FWIW, I also do not EVER use a UV filter lens for protection, as I think they are a scam. The hood, on the other hand, you'll never find me without. Also, the hood on the 60-250 is VERY deep, which I'm found to be just phenomenal during true downpours - it keeps the front element free from drops
I am stunned to hear you say this. Your point about lens hoods makes very good sense. But I'm amazed that having a cheaply-replaced piece of optical glass in front of the organically coated front lens element seems like a mistake to you. I can only imagine that you think it degrades image quality enough to outweigh the danger of scratching the front element, which you must regard as more unlikely than I would think. But I am eager to hear your logic.

For my part, the ability to wipe stuff from the front filter without worrying seems essential. I will wipe my UV filter with a cleanish corner of my shirt, which I would never do with the lens itself. And in tropical forest, I would worry a great deal about fungal spores reaching the front element and getting a foot-hold. Of course UV light is a good purifier, so it is possible that a UV filter increases the likelihood of fungus surviving somewhere within the lens, and that a filter that let UV pass unabated might provide better fungal protection. Thoughts?
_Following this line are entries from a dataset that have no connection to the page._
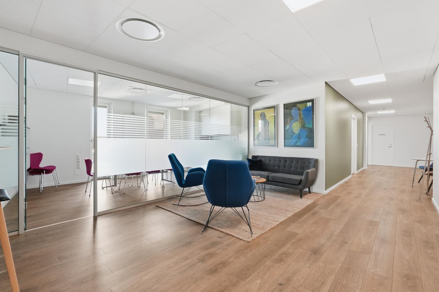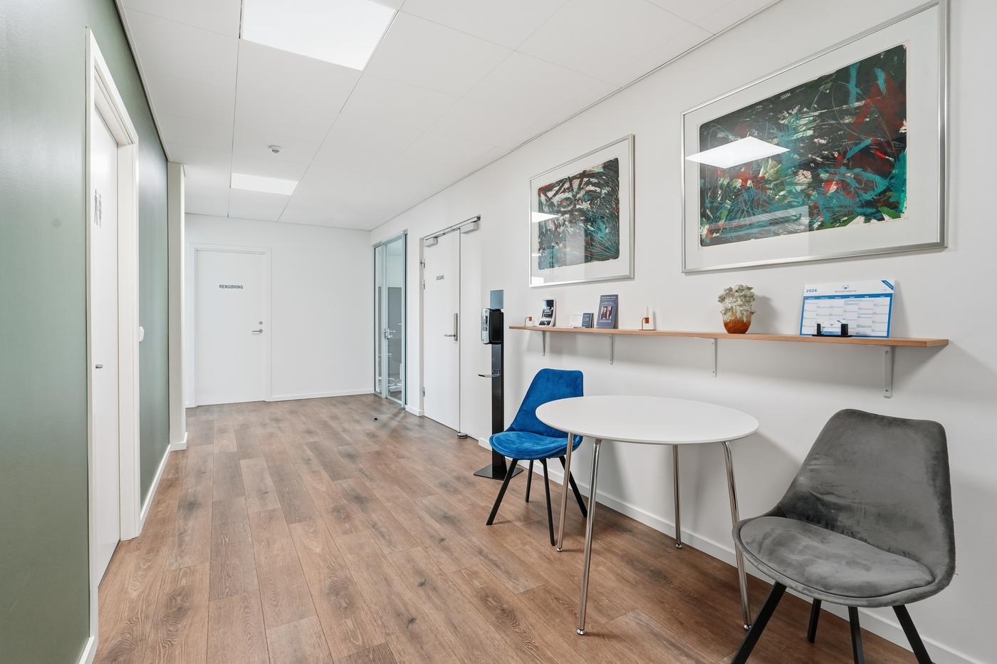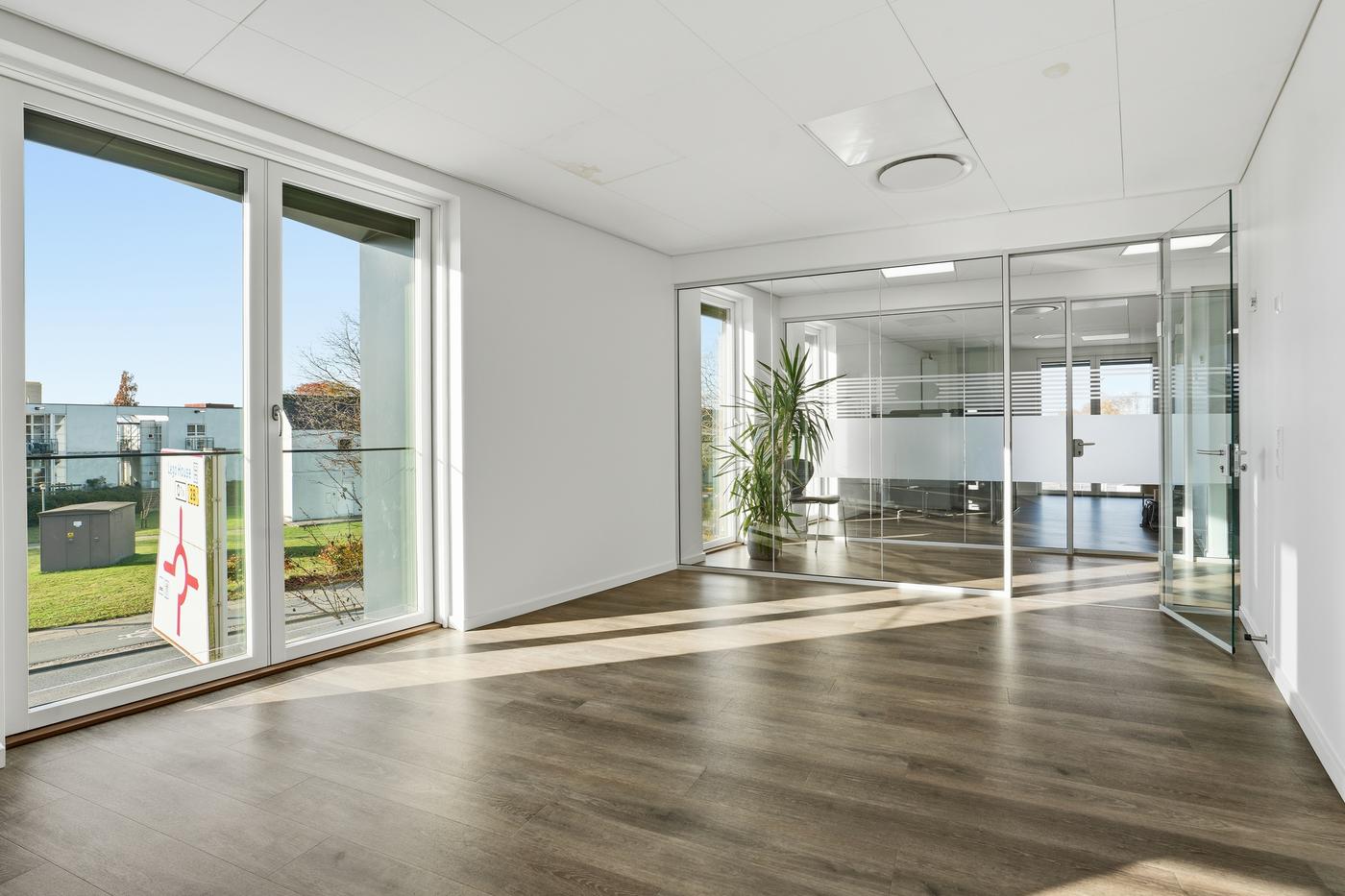 Lejemålet er lyst og indbydende med store vinduespartier, der giver et flot naturligt lysindfald. Lokalet er en del af et moderne kontorfællesskab med stilrene fællesarealer.
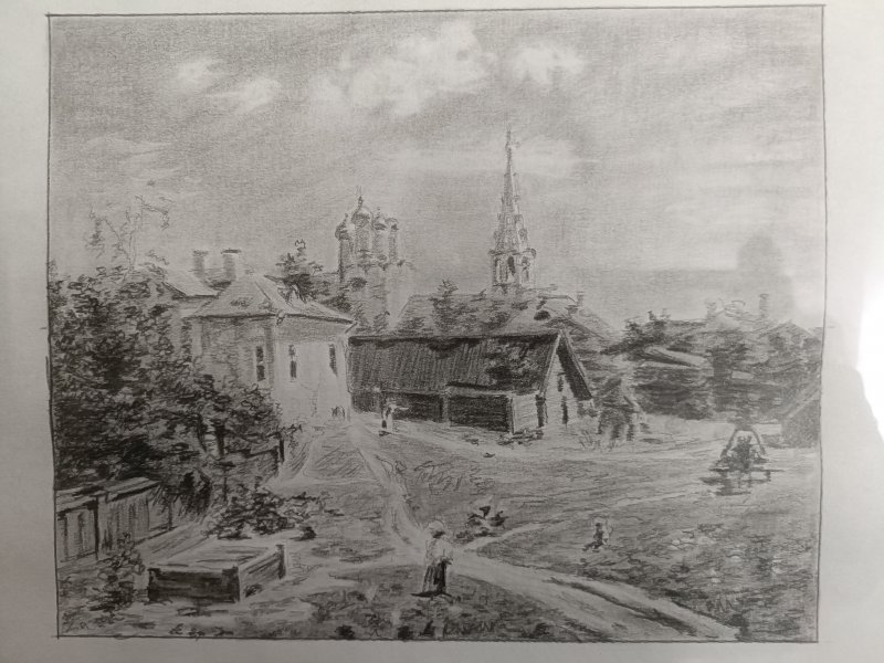 Graphite pencil work from Polenov's painting "Moscow Courtyard"
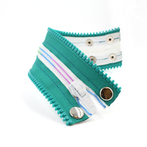 White inner zipper with rainbow teeth. Teal outer zipper with teal teeth. Blue topstitch. Nickel snaps. White classic zipper pull.

QuoteOriginally posted by Heie Quote
Slightly O/T - do you have room for 'hitchhikers' to partake in your expeditions? I'd be MORE than willing to devote some considerable amount of leave time to go with you for a couple of weeks and assist in any way I can (I make a good pack mule ). Of course it would have to wait a year or so (at the very least), and wouldn't be a long expedition (say 2-3 weeks max), but I'd LOVE to tag along
I love the idea, and it might well work. I think I have a lot more to gain from your photographic expertise than using you as a pack mule, though. But in any case, I am addicted to introducing adventurous people to the sloppy magic of tropical ecosystems. And you clearly have the special combo of an active mind, eyes that can see, and a temperament that can laugh off discomfort. The particular photographic problem solving would also appeal to you, I suspect.

My wife and I are proposing a program that will go to Ecuador in winter of 2016. That would be the next opportunity, assuming it is approved.

QuoteOriginally posted by Heie Quote
Also, do you need a tripod to carry around with you? I swear by this one when it comes to hiking:

Sirui T-025x Travel Tripod

-Heie
Yes, you recommended that on my intro thread and it has been on my list to acquire ever since (like every thing else you highlighted). Though truth be told, I'm leaning toward the aluminum version. I confess to an anti-carbon-fibre bias stemming from my experience as a bicycle geek. Is the carbon version substantially better in your view?